We compare the performance of our method with two baselines: (i) a uniform reviewing schedule, which sends item(s) for review at a constant rate μ, and (ii) a threshold-based reviewing schedule, which increases the reviewing intensity of an item by c⁡exp(t−s)/ζ at time s, when its recall probability reaches a threshold mth. The threshold baseline is similar to the heuristics proposed by previous work (10, 11, 30), which schedule reviews just as the learner is about to forget an item. We do not compare with the algorithm proposed by Reddy et al. (15) because, as it is specially designed for the Leitner system, it assumes a discrete set of forgetting rate values and, as a consequence, is not applicable to our (more general) setting.

Although we cannot make actual interventions to evaluate the performance of each method, the following insight allows for a large-scale natural experiment: Duolingo uses hand-tuned spaced repetition algorithms, which propose reviewing times to the users; however, users often do not perform reviews exactly at the recommended times, and thus schedules for some (user, item) pairs will be closer to uniform than threshold or MEMORIZE and vice versa, as shown in Fig. 1. As a consequence, we are able to assign each (user, item) pair to a treatment group (i.e., MEMORIZE) or a control group (i.e., uniform or threshold). More in detail, we leverage this insight to design a robust evaluation procedure which relies on (i) likelihood comparisons to determine how closely a user followed a particular reviewing schedule during all reviews but the last in a reviewing sequence, i.e., e1,…,en−1 in a sequence with n reviews, and (ii) a quality metric, empirical forgetting rate n^, which can be estimated using only the last review en (and the retention interval tn−tn−1) of each reviewing sequence and does not depend on the particular choice of memory model. Refer to Materials and Methods for more details on our evaluation procedure. [Note that our goal is to evaluate how well different reviewing schedule spaces the reviews—our objective is not to evaluate the predictive power of the underlying memory models; we are relying on previous work for that (18, 25). However, for completeness, we provide a series of benchmarks and evaluations for the memory models we used in this work in SI Appendix, section 8.]

Fig. 1.
  • Download figure
  • Open in new tab
  • Download powerpoint
Fig. 1.

Examples of (user, item) pairs whose corresponding reviewing times have high likelihood under MEMORIZE (Top), threshold-based reviewing schedule (Middle), and uniform reviewing schedule (Bottom). In every plot, each candlestick corresponds to a reviewing event with a green circle (red cross) if the recall was successful (unsuccessful), and time t=0 corresponds to the first time the user is exposed to the item in our dataset, which may or may not correspond with the first reviewing event. The pairs whose reviewing times follow more closely MEMORIZE or the threshold-based schedule tend to increase the time interval between reviews every time a recall is successful while, in contrast, the uniform reviewing schedule does not.
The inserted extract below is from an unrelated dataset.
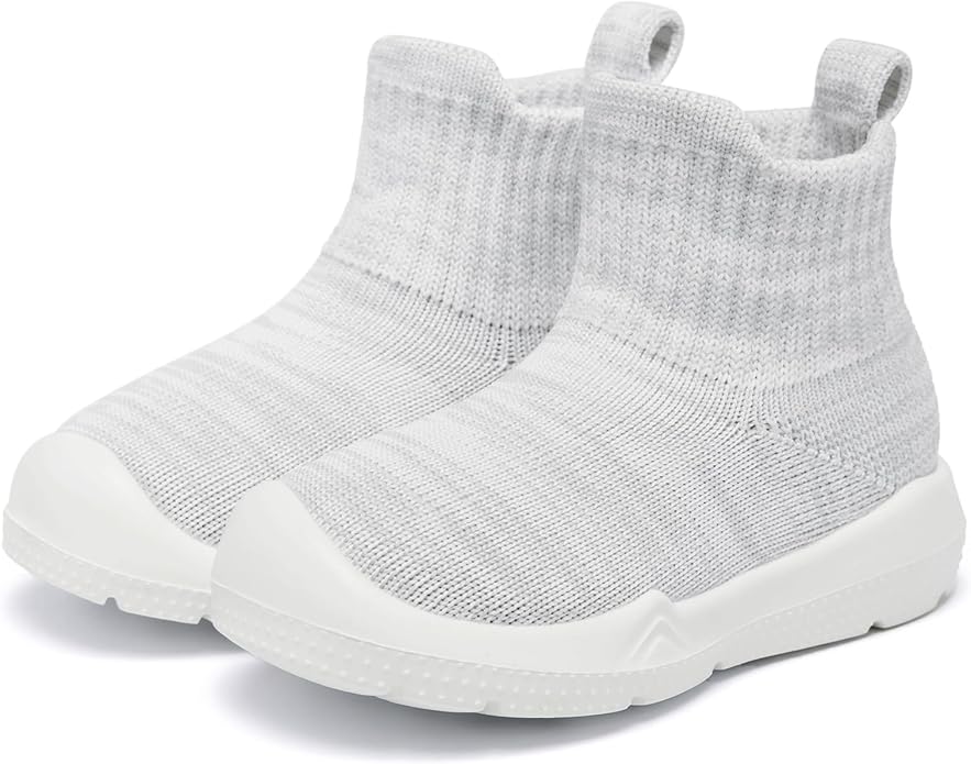 • Friendly Sock-like Upper: Sock-like stretchy textile construction upper hugs the foot to keep them comfortable and flexible when babies are on the move. Baby sock shoes made of soft fabric knit are also friendly to the skin, healthy, and very safe for infant babies.

MEMORIZE tends to space the reviews more than the threshold-based schedule, achieving the same recall pattern with less effort.

Results

We first group (user, item) pairs by their number of reviews n and their training period, i.e., tn−1−t1. Then, for each recall pattern, we create the treatment (MEMORIZE) and control (uniform and threshold) groups and, for every reviewing sequence in each group, compute its empirical forgetting rate. Fig. 2 summarizes the results for sequences with up to seven reviews since the beginning of the observation window for three distinct training periods. The results show that MEMORIZE offers a competitive advantage with respect to the uniform- and threshold-based baselines and, as the training period increases, the number of reviews under which MEMORIZE achieves the greatest competitive advantage increases. Here, we can rule out that this advantage is a consequence of selection bias due to the item difficulty (SI Appendix, section 13).

Fig. 2.
  • Download figure
  • Open in new tab
  • Download powerpoint
Fig. 2.

(A–C) Average empirical forgetting rate for the top 25% of pairs in terms of likelihood for MEMORIZE, the uniform reviewing schedule, and the threshold-based reviewing schedule for sequences with different numbers of reviews n and different training periods T=tn−1−t1. Boxes indicate 25% and 75% quantiles and solid lines indicate median values, where lower values indicate better performance. MEMORIZE offers a competitive advantage with respect to the uniform and the threshold-based baselines and, as the training period increases, the number of reviews under which MEMORIZE achieves the greatest competitive advantage increases. For each distinct number of reviews and training periods, * indicates a statistically significant difference (Mann–Whitney U test; P-value < 0.05) between MEMORIZE vs. threshold and MEMORIZE vs. uniform scheduling.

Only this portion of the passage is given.